NEWS RELEASE
LONGMONT PUBLIC LIBRARY
*************************
Adrian Miller, known for “dropping knowledge like hot biscuits,”™ returns to the Longmont Public Library to talk about his latest book, Black Smoke: African-Americans and the United States of Barbecue. The program, Black Smoke & Bar-B-Que, will air via Webex on Thursday, May 6, from 7 to 8 pm. In Black Smoke, Miller chronicles how Black barbecuers, pitmasters, and restauranteurs helped develop this cornerstone of American foodways and how they are coming into their own today. It’s a smoke-filled story of Black perseverance, culinary innovation, and entrepreneurship. Though often pushed to the margins, African Americans have enriched a barbecue culture that has come to be embraced by all. Miller celebrates and restores the faces and stories of the men and women who have influenced this American cuisine.
Adrian Miller is a food writer, recovering attorney, and certified barbecue judge who lives in Denver, Colorado. After graduating from Smoky Hill High School in Aurora, Miller attended Stanford University, where he was resident counselor to PayPal founder David O. Sacks. Miller graduated with a bachelor's degree in international relations and next attended Georgetown University Law School, where he earned a J.D.
Miller served as a special assistant to the president in the Clinton Administration and deputy director of the President’s Initiative for One America. After the administration changed, Miller took an interest in food writing, inspired by John Egerton’s book Southern Food: At Home, on the Road, in History. The interest developed into his first book, Soul Food: The Surprising Story of an American Cuisine, One Plate at a Time, which won the 2014 James Beard Foundation Book Award for Reference and Scholarship. It was also named a non-fiction honor book by the Black Caucus of the American Library Association. Soul Food combines archival research with Miller's own travels (visiting 150 restaurants in 35 cities) to survey the way the food culture of the Southern United States has been "reestablished and reinterpreted" as African-Americans moved to other parts of the country, using the lens of diaspora to interpret this evolution.
While researching his first book, Miller began collecting historical traces of African-Americans who had staffed the White House kitchen.
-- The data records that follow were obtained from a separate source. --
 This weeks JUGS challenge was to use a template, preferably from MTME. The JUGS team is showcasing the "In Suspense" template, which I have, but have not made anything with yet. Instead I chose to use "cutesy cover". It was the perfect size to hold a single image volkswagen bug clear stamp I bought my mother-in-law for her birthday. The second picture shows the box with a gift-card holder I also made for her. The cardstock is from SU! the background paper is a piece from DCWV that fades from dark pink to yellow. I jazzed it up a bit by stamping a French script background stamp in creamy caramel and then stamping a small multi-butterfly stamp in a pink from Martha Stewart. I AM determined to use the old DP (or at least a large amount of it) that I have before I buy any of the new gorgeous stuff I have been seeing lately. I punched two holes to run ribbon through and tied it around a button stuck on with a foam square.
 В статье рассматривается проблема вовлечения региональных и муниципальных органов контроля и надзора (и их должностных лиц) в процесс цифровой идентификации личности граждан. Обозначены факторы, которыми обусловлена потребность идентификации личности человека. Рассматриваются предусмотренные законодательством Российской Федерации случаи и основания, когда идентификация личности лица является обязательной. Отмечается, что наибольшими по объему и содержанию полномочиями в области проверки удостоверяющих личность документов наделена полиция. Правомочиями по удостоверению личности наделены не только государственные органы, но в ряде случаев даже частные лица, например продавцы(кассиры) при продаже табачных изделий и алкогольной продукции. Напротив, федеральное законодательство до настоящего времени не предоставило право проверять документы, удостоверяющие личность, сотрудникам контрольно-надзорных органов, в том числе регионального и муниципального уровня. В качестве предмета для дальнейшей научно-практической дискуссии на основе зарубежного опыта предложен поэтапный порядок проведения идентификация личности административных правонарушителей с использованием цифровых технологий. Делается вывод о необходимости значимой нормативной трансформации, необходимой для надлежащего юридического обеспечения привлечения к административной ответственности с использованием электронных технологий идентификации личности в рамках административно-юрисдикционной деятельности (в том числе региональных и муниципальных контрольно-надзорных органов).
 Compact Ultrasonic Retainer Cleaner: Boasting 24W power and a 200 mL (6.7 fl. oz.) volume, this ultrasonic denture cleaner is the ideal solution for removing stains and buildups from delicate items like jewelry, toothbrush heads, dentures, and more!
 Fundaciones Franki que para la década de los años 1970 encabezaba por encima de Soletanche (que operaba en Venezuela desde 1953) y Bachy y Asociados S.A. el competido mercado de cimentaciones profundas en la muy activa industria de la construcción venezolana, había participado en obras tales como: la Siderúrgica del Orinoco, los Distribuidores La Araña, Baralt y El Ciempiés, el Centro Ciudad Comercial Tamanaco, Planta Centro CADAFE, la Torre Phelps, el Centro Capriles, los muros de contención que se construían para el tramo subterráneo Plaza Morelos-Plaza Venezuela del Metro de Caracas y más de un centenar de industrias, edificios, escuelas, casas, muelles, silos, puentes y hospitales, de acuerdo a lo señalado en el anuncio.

This became the subject of his second book, The President's Kitchen Cabinet: The Story of the African Americans Who Have Fed Our First Families, from the Washingtons to the Obamas, published in 2017. In the course of research, Miller was able to identify the names of 150 African-Americans who cooked in the White House, though there were many more who remain unnamed. The book earned a nomination for the 2018 NAACP Image Award for Outstanding Literary Work, Nonfiction.
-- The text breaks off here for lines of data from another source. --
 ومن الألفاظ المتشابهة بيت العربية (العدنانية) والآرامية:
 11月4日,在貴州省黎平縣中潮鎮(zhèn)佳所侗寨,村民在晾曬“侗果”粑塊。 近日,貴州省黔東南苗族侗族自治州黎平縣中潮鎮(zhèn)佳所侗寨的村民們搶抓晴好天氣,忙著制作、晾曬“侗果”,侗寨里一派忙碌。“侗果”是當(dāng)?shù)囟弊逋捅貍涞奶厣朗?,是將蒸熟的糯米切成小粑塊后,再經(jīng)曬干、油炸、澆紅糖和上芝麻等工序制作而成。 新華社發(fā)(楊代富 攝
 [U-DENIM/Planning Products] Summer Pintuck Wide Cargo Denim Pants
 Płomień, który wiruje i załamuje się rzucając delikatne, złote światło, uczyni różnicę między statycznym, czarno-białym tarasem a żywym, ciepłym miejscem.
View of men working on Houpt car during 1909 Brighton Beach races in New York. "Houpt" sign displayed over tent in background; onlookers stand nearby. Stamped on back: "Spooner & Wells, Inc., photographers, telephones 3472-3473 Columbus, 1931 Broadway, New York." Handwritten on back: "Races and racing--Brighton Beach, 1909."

Miller has presented multiple times before at the Library and typically sells-out. Those interested are encouraged to register early. Registration is required and is available online at http://bit.ly/LibPrograms. After registering, attendees will receive email instructions for joining the program on Webex.
Unable to attend? This program may be recorded and posted on the Library’s Watch Recent Programs webpage and YouTube playlist.